Libby’s take on “Newlyweds”

Libby Hill

Libby Hill

I have a lot of underwear.

I mention this not to brag, but as a qualifying statement before I go off on the inevitable rant that is to follow, to not seem unfair.

When I watch television, one of my favorite things to do is watch shows that make me feel better about my own life. While watching such drivel I could tell myself, “At least my mom isn’t suing me,” or “At least my husband isn’t cheating on me with his sister who’s cheating on him with their mom,” and so I felt calmed.

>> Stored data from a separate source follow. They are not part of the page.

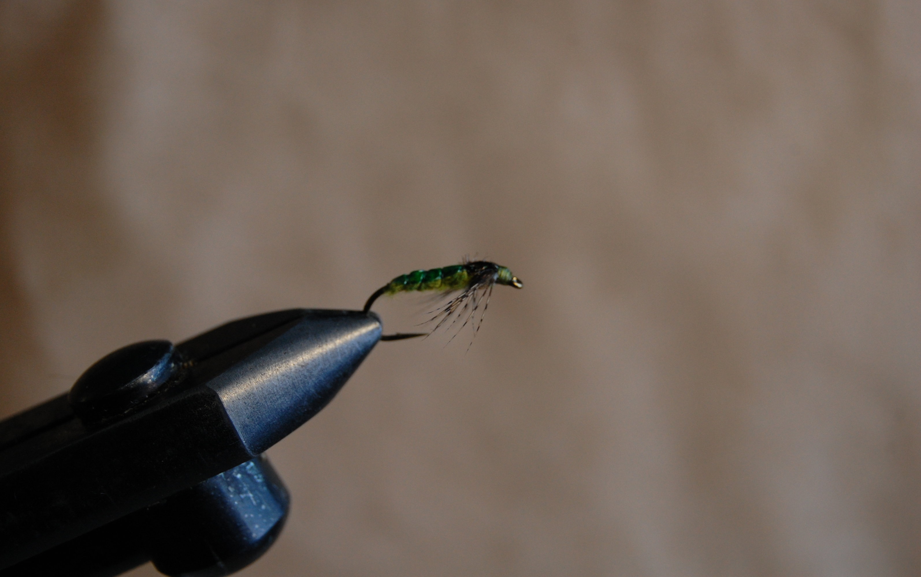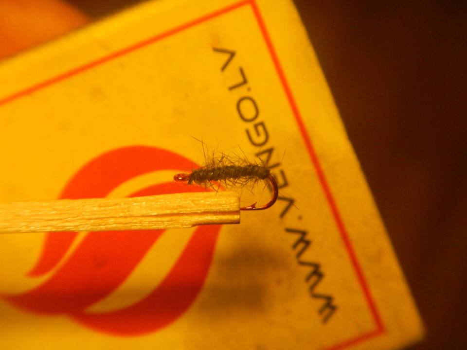 Rinnak - tumedam oliiv dubbing, mille peale seotud peacock herl kate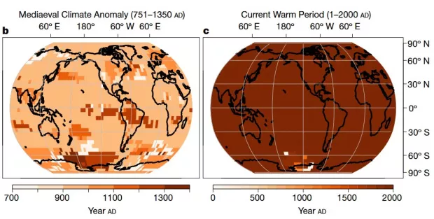 Wer behauptet, während der Mittelalterlichen Warmzeit sei es wärmer gewesen als heutzutage, beschränkt sich unzulässigerweise auf wenige Regionen mit damals ungewöhnlich warmen Temperaturen.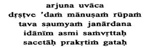 51. Arjuna said.Having seen Thy gentle human form, O Janardana now I have grown serene, and returned to my nature. Devotion as the sole means to the realization of the Universal form. The Blessed Lord said:
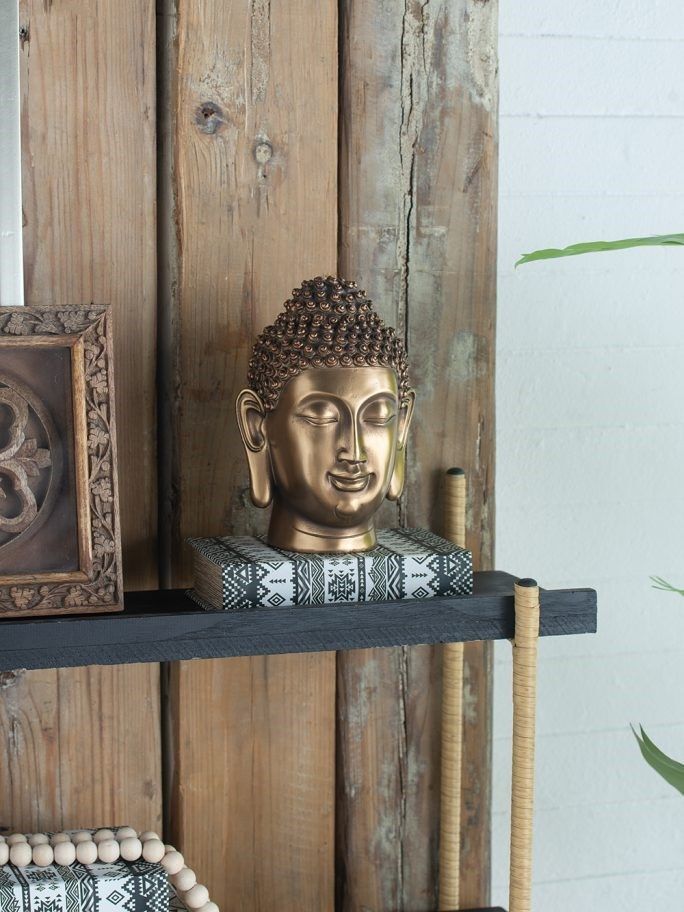 Вдохновляйтесь в любом месте вашего дома с этой безмятежной скульптурой головы Будды. Золотистая расцветка и богатая текстура украсит любой интерьер, привлекая внимание к своей необычной форме.

As of late, I have discovered a new TV show to ease the doubts and fears about my life. So thoroughly does it dispel my fears regarding newly wedded state that I often find myself thinking, “Man, I am so smart! Todd and I the best married couple ever!” And compared to these two, we are.

I watch MTV’s “Newlyweds: Jessica and Nick” because I cannot help myself. Watching such an ill-matched pair stumble through, not only a relationship, but simply life itself is completely irresistible. It’s not so much former 98 Degrees front man Nick Lachey that bothers me. He actually has a modicum of common sense and life experience. It’s his flighty, immature, yet lovely wife Jessica Simpson that really burns my butt.

And that brings me back to my opening statement. On a recent episode of “Newlyweds” Simpson accidentally spent $750 on two bras and two pairs of underwear. I say accidentally because it wasn’t until after she picked out the items, after she signed the credit card receipt, after she left the store that she thought to check how much the items were. She then called her husband to tell him what she’d done.

I can’t even identify what it is that bothers me most about this story. Maybe it’s the amount of money she spends. Maybe it’s the way she doesn’t even bother to check the price tag on her purchases. Maybe it’s the way she calls her husband to report the incident as though it’s not her fault. Or maybe it’s the fact that this couple is so far from a typical newlywed couple it leaves me mind-boggled.

The fact is there are a lot of difficulties involved in marriage, beyond the fights about hot backup dancers and whether or not to get a maid featured on the show. And yet, for all the real problems regarding finances, insurance, and simply life itself, my husband and I weather it all like champs. Perhaps it’s because we replace sulking and whining with discussion and compromise. Or maybe it’s that we’re at least vaguely compatible.

Ultimately, we’re a great couple. And the “Newlyweds?” Well, they’re a great TV show. And I’m OK with that.

However, we are still looking for a good maid.